Котолынов, Шатский, Румянцев, Левин и другие лица, арестованные в связи с убийством Кирова, действительно одно время проводили активную оппозиционную деятельность. В 1928–1929 годах в связи с подачей заявлений об отходе от оппозиции все упомянутые выше лица, кроме Шатского, были восстановлены в партии. Однако и после разгрома партией зиновьевской оппозиции, изредка встречаясь между собой, высказывались за возвращение Зиновьева и Каменева к партийному руководству, резко критиковали деятельность Сталина и некоторых других руководителей партии. Такое их поведение было известно партийным органам и органам госбезопасности. Однако, якобы по своей политической слепоте или же заведомо покрывая их, соответствующие органы не приняли никаких мер.

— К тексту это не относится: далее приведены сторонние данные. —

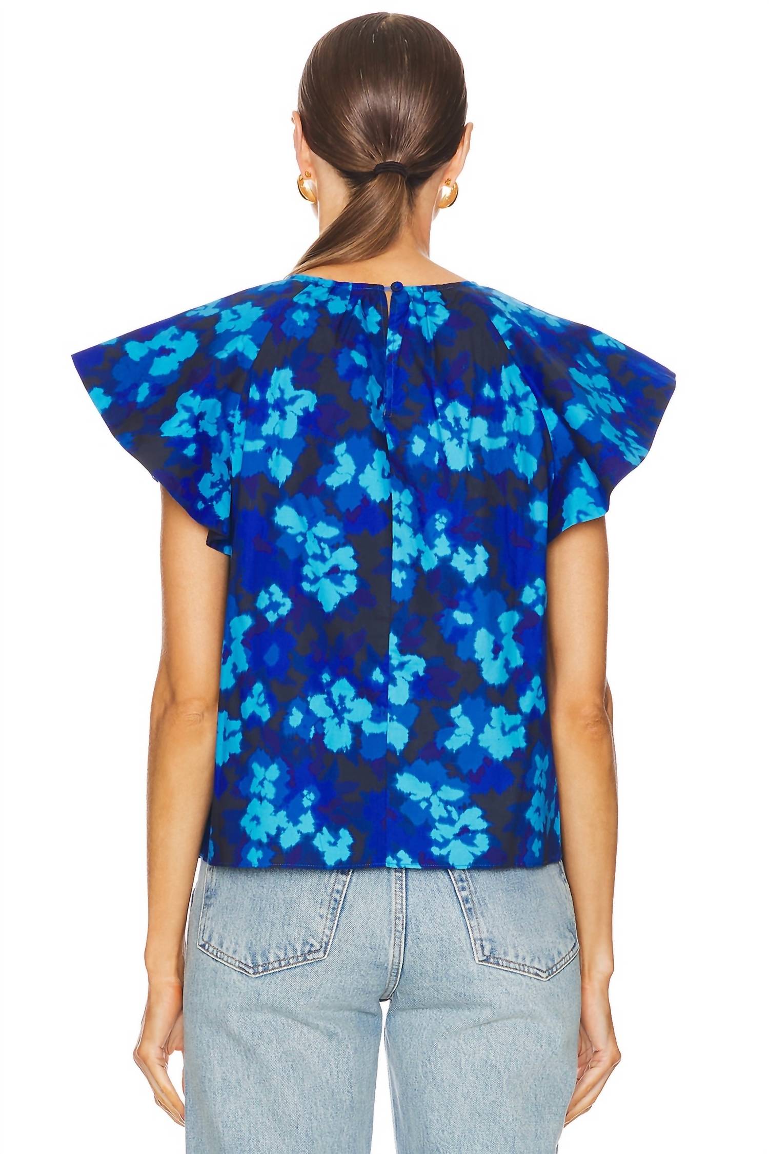 A versatile blouse that works from desk to dinner! Embrace boho chic with the Rumi Floral Top by Ulla Johnson, a captivating blouse in azure adorned with vibrant blurred ikat florals. This women's top is crafted from 100% cotton, featuring cap flutter sleeves and a gathered crewneck for a flowy fit. Closure: Pull on. Perfect for a spring vacation wardrobe refresh.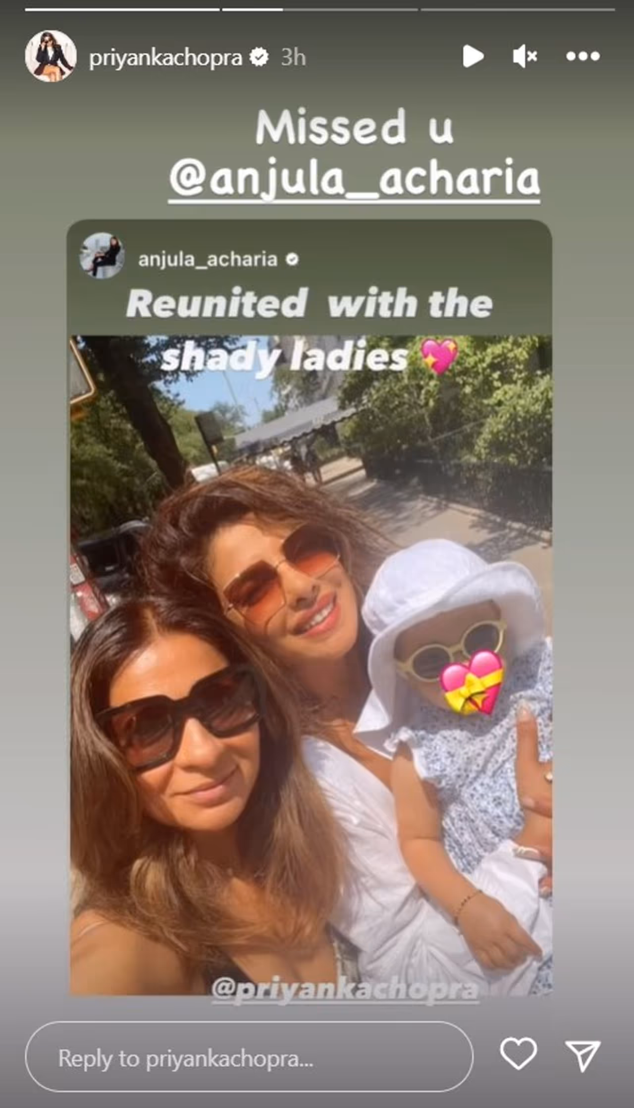 The mother-daughter team also met with Anjula Acharia, Priyanka's manager and friend. Anjula shared a photo of the three of them wearing sunglasses as they walked out on a beautiful day. Anjula captioned the photo, "Reunited with the shady ladies." PC may be seen carrying Malti, who is clad in a white gown and a white bonnet. Priyanka also reposted the snapshot on her Instagram stories, writing, ""Missed you @anjula_acharia."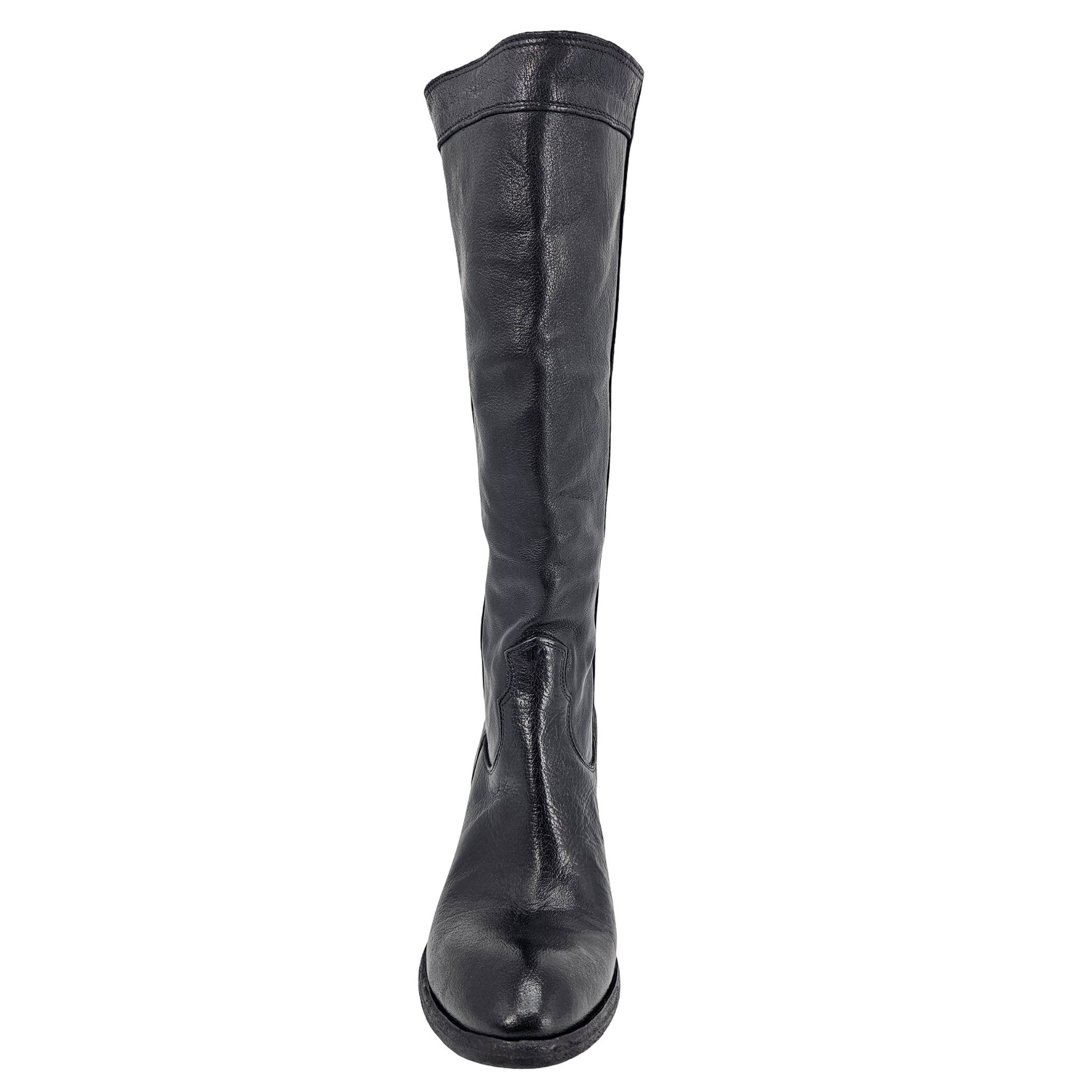 Black Leather Knee-High Pull-on Boot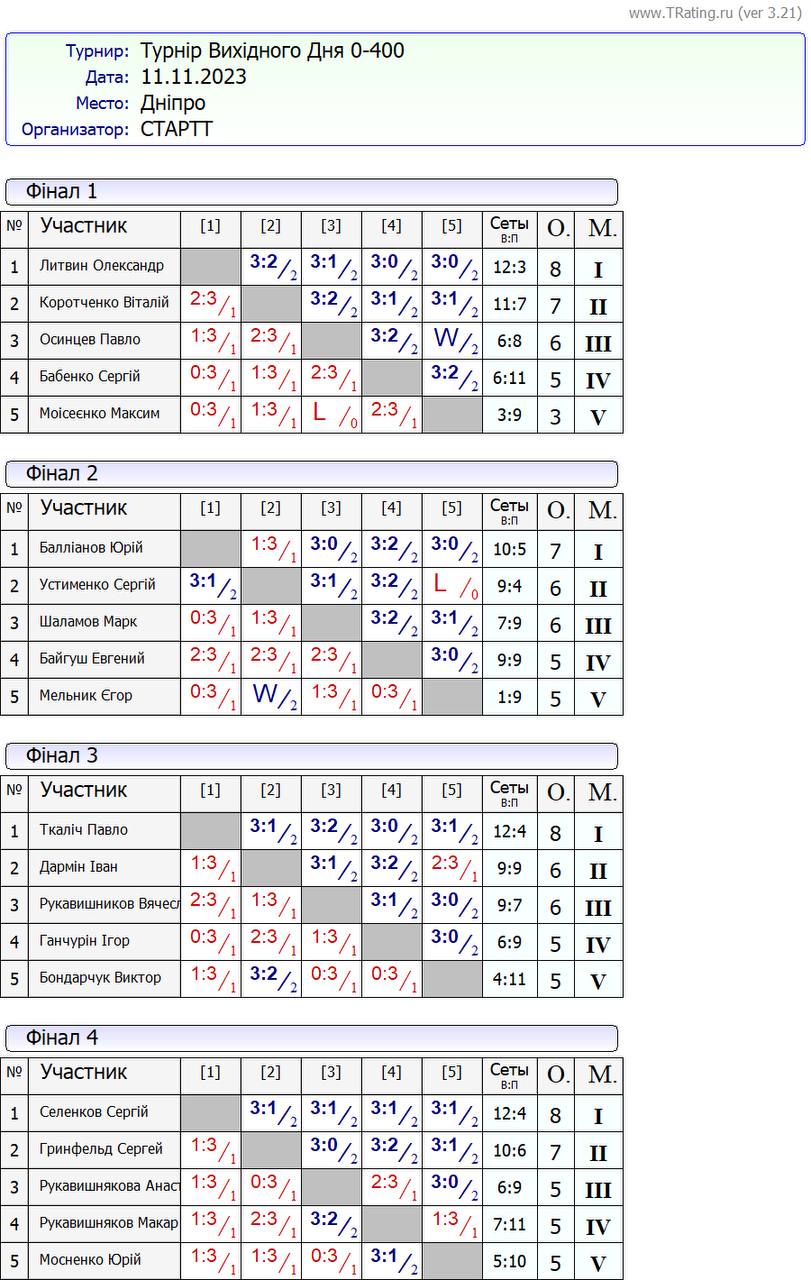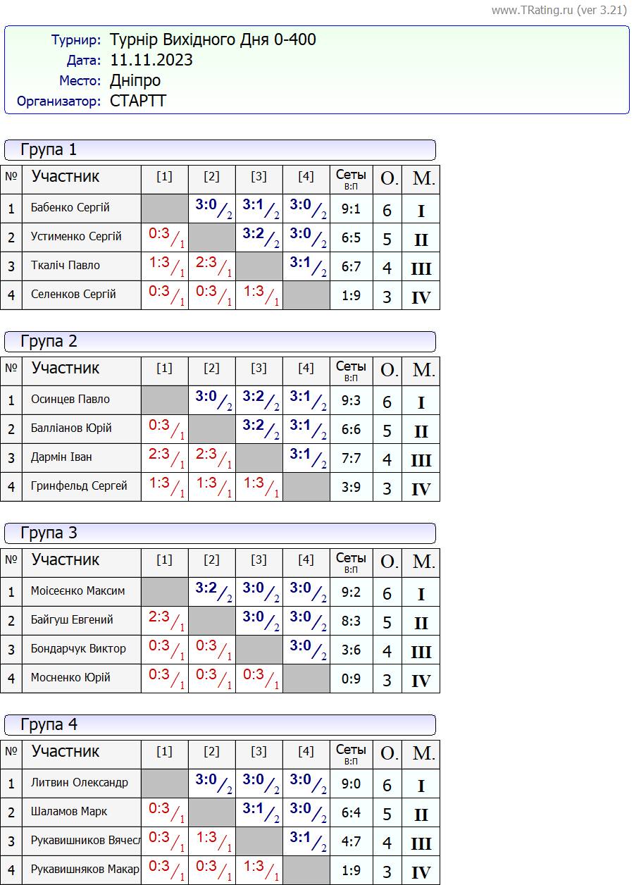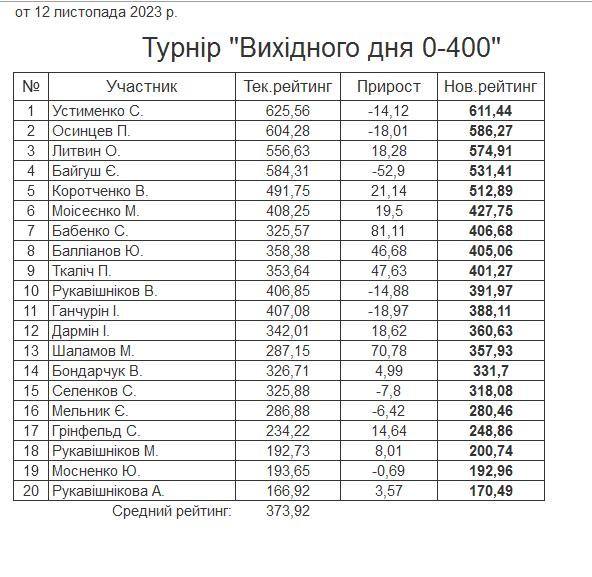 Результати турніру “Вихідного дня 0-400” за 11.11.2023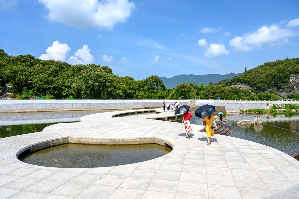 鲤鱼坝坝体上非常宽敞,且设置有两处可直接观看到溪水的空间,其实是鲤鱼的眼睛和身体,大家可以坐下来或者光着脚丫子戏水,那感觉一定非常凉爽、奇妙,不失为上虞的避暑胜地。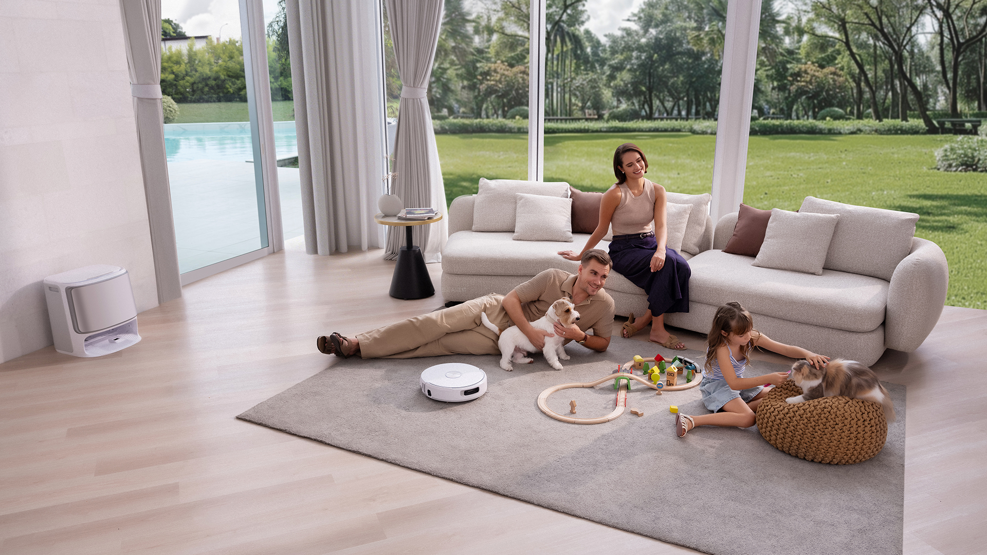 Les serpillères extensibles sont de la partie, comme le système d’aspiration (qui passe en revanche à 15 000 Pa) et le dispositif anti-enchevêtrement. La base, capable recueillir les déchets, ravitailler l’aspirateur et nettoyer les serpillères, est aussi de la partie pour vous simplifier la vie au quotidien.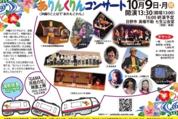 ありんくりんコンサート 日時:2023.10.9(月祝) 開場: 13:00 開演: 13:30 出演: 宇夫方路琉球舞踊研究所 高山正樹 大熊啓 月桃の花 歌舞団 しあわせコーラス 七峰会、鈴木智子研究所 清水亮子 タ[…]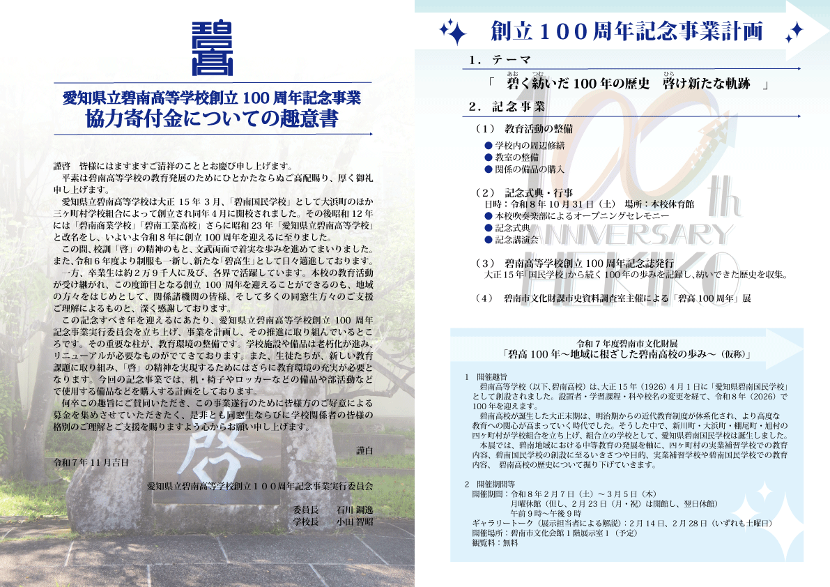 「碧高100年~碧南国民学校から碧南高校へ~展(仮称)」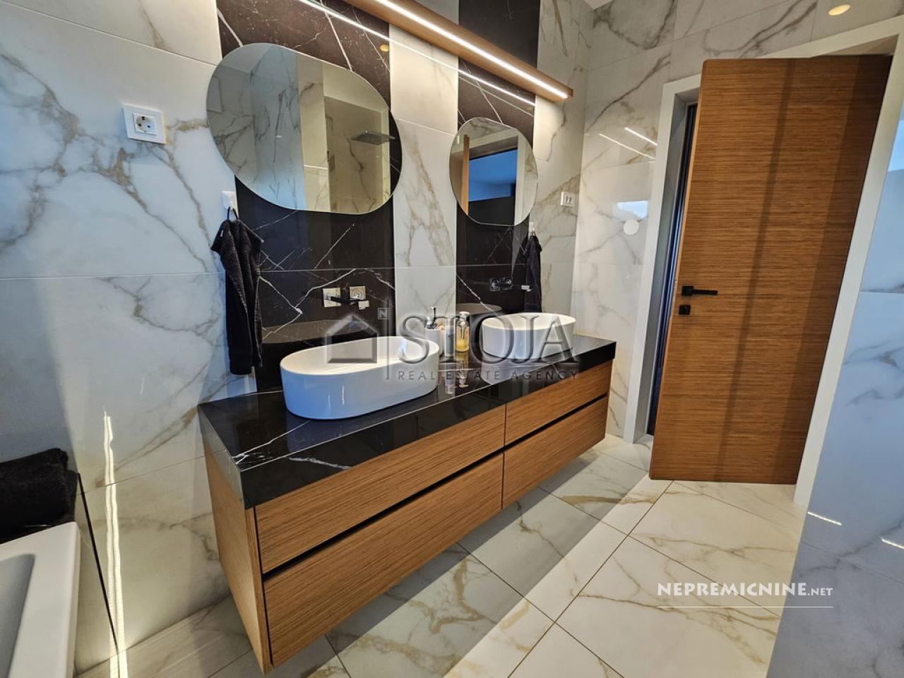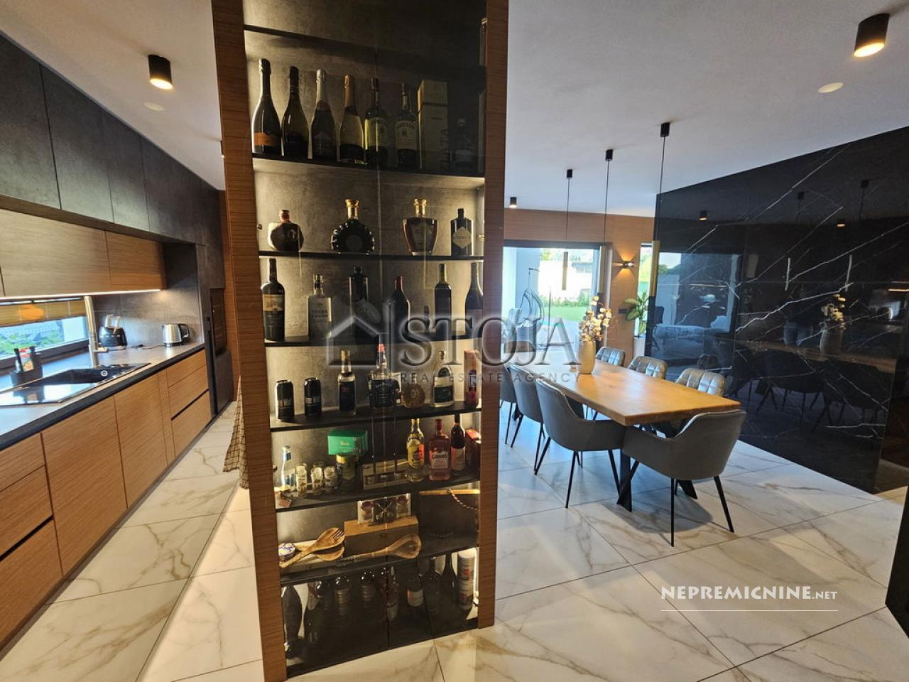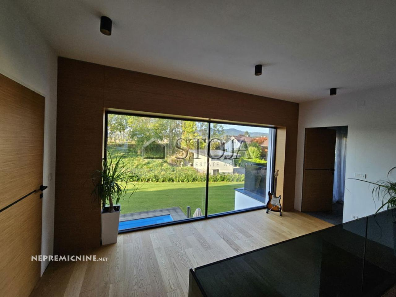 De villa is ontworpen voor de meest veeleisende kopers en biedt veel privacy. Het beschikt over een verwarmd zwembad, ideaal voor gebruik gedurende het grootste deel van het jaar. De woning bestaat uit twee verdiepingen met een ruime indeling. Op de begane grond vindt u een grote woonkamer met open plafond en toegang tot het terras, een moderne keuken met eetkamer, een apart toilet, een grote bijkeuken met douche, was- en droogmachine, centraal stofzuigsysteem en sauna. De bovenverdieping herbergt een master bedroom met eigen badkamer en inloopkast, drie extra kamers met toegang tot een groot balkon, een extra badkamer en een galerij. De villa is uitgerust met hoogwaardige materialen, vloerverwarming, een recuperatiesysteem in de slaapkamers, en een centrale stofzuiginstallatie.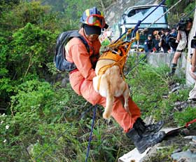 臺北縣搜救隊(duì)副隊(duì)長吳宏益說,前天帶來的兩只搜救犬,由隊(duì)員抱著垂降兩、三百米執(zhí)行搜救,但狗兒過度驚慌,加上斜坡至少七十度,狗兒嚇得連站都站不穩(wěn),“一緊張,就發(fā)揮不了功能,今天就不帶出門了”。

Более того, есть документальные подтверждения такого факта — Киров лично отклонил предложение начальника Ленинградского управления НКВД подвергнуть репрессиям ряд лиц, которые в дальнейшем проходили по делу так называемого «Ленинградского террористического зиновьевского центра» — такое название получил процесс над Николаевым и его мнимыми соучастниками.

О том, к каким грязным методам прибегали органы НКВД, чтобы притянуть зиновьевцев к убийству Кирова, говорит следующий факт. Одна из сексоток некая М. Волкова написала письмо в ЦК КПСС в 1956 году, где уверяла, что предупреждала НКВД о том, что Кирова собираются убить. О характере и серьезности ее информации можно судить на основе следующего ее заявления:

«После того, как я вышла из Дома предварительного заключения, я пошла на пленум райсовета, ибо я была член Совета. После пленума явилась домой. Дома меня ждал Николаев и мы с ним поехали в Лигово в особняк некоего члена ЦК партии Шадручина (так я его знала). Дорогой в машине меня Николаев спросил: что скажи правду, ты на нас заявляла в ОГПУ, его об этом предупредил Запорожец. Я засмеялась, обозвала его сумасшедшим, но он мне сказал, что если это правда, то первая пуля из его нагана будет моя, я сказала — принимаю. Наш разговор на этом закончился. Когда мы приехали в Лигово, то там было несколько человек из Москвы, которых мне Николаев назвал по фамилии: Зиновьев, Каменев, Евдокимов. Там выгружена была подводная лодка с ящиками (груз был доставлен из Германии), ящики прятали в подвал под особняком. — в комнате под ковром был люк и туда все опускали. Я оттуда, т. е. из одного ящика, взяла один предмет как вещественное доказательство, привезла своему начальнику Соколову (это оказалась граната)»[798].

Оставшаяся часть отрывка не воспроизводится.